WORK ORDER: Extract every line between the one with "A spacious two" and the end of the entries, both included, word for word and free of pictures.

*** SUPPLIED MATERIAL ***

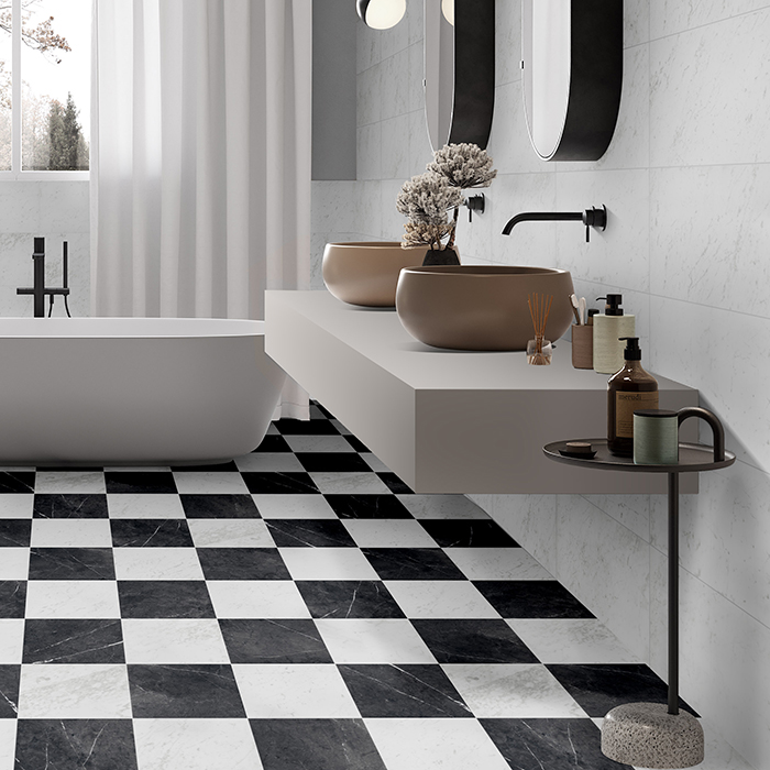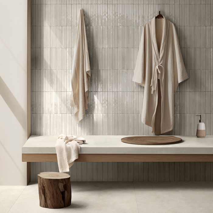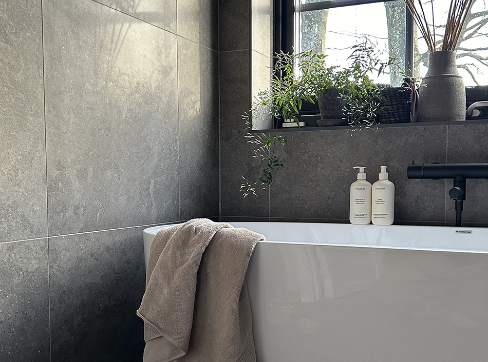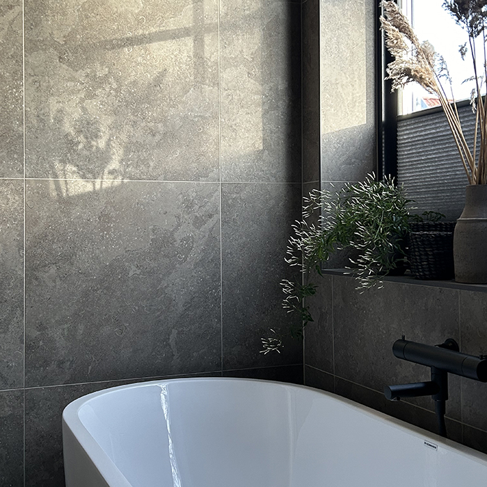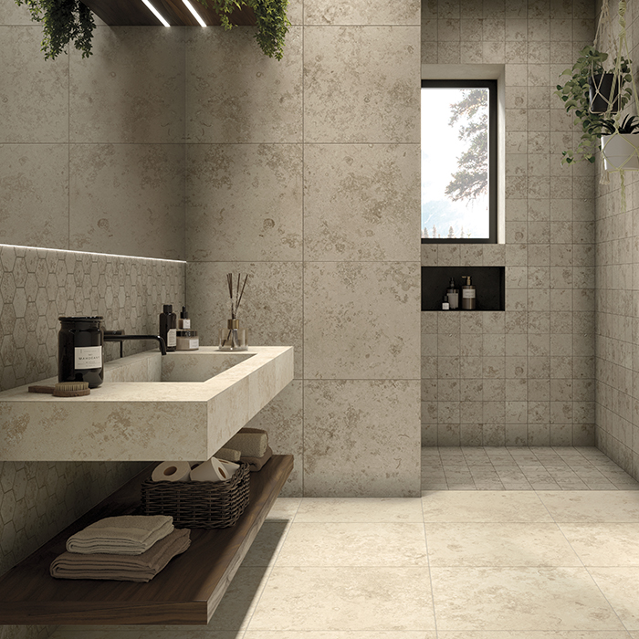 Skapa ett modernt badrum med naturliga inslag och oregelbunden textur med serien Norr.
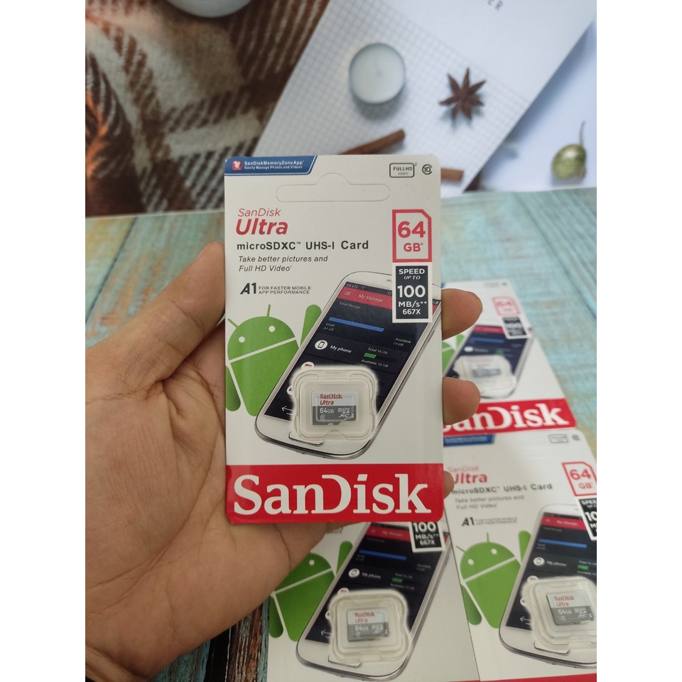 Thẻ Nhớ 64GB Micro SDHC Ultra A1 Với tốc độ đọc lên đến 100MB/s, thẻ nhớ MicroSD SanDisk Ultra A1 cho phép bạn chuyển hình ảnh độ phân giải cao và video Full HD sang máy tính của bạn mà không cần phải chờ đợi lâu.
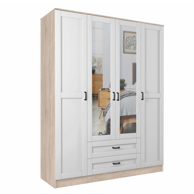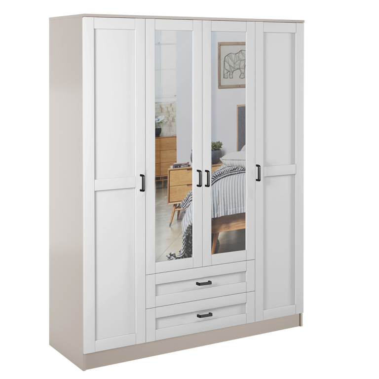 KAMI 4 durų spinta su veidrodžiu ir stalčiais, įvairių spalvų
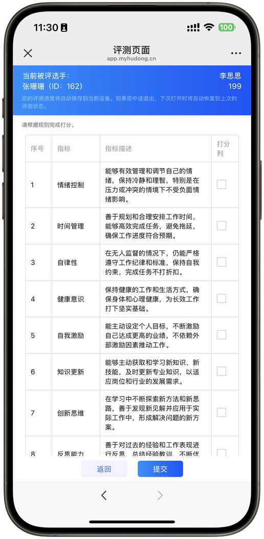 提供年终绩效、晋升评审、团队评价、培训考核、人才选拔、项目评估等多种评测方案。
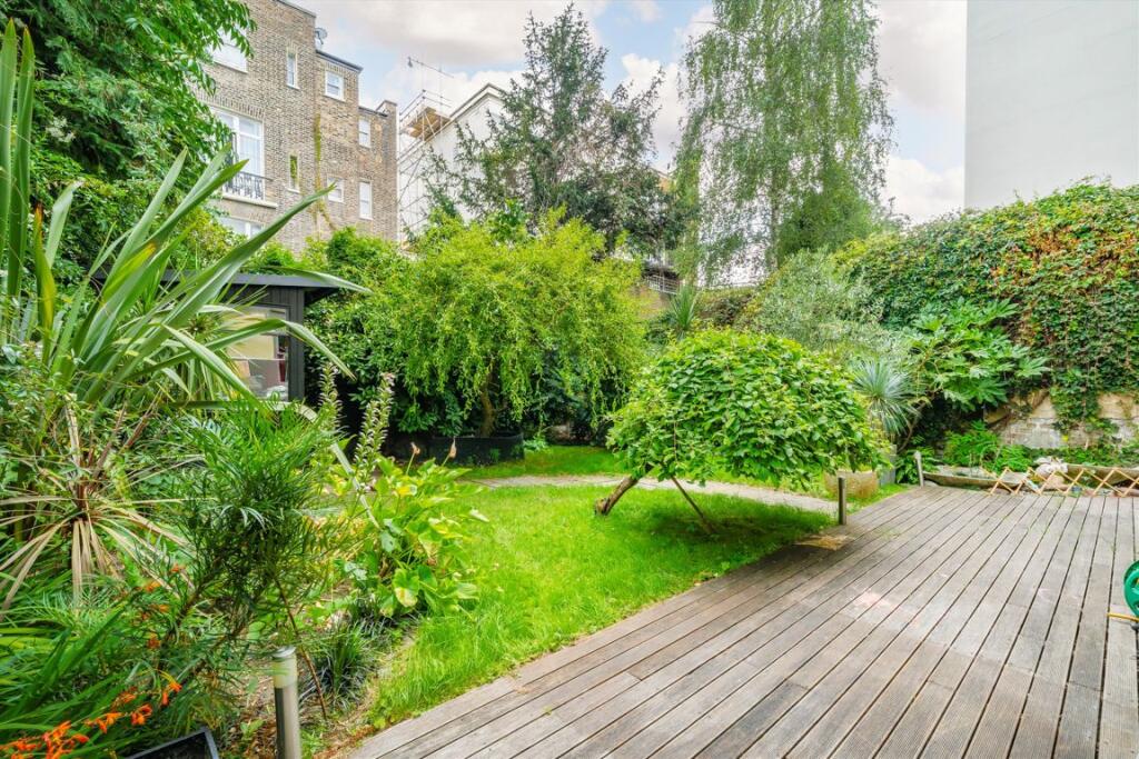 A spacious two double bedroom, two bathroom apartment with a large private garden. Measuring over 1,000 sq ft and with an open plan kitchen and reception room with room to dine, a garden room and scope to extend into a three bedroom (subject to usual consents).
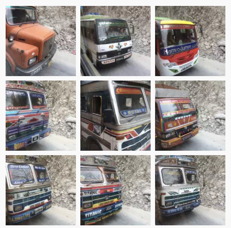 4月22日 从奇特旺回来的路上,修路,堵车,经过甘达基区,无聊时的随拍——各种热闹的车头,没有重样的…难道塞伯坦星球乡村的汽车人么

*** End of SUPPLIED MATERIAL ***

EXERCISE OUTPUT:
 A spacious two double bedroom, two bathroom apartment with a large private garden. Measuring over 1,000 sq ft and with an open plan kitchen and reception room with room to dine, a garden room and scope to extend into a three bedroom (subject to usual consents).
 4月22日 从奇特旺回来的路上,修路,堵车,经过甘达基区,无聊时的随拍——各种热闹的车头,没有重样的…难道塞伯坦星球乡村的汽车人么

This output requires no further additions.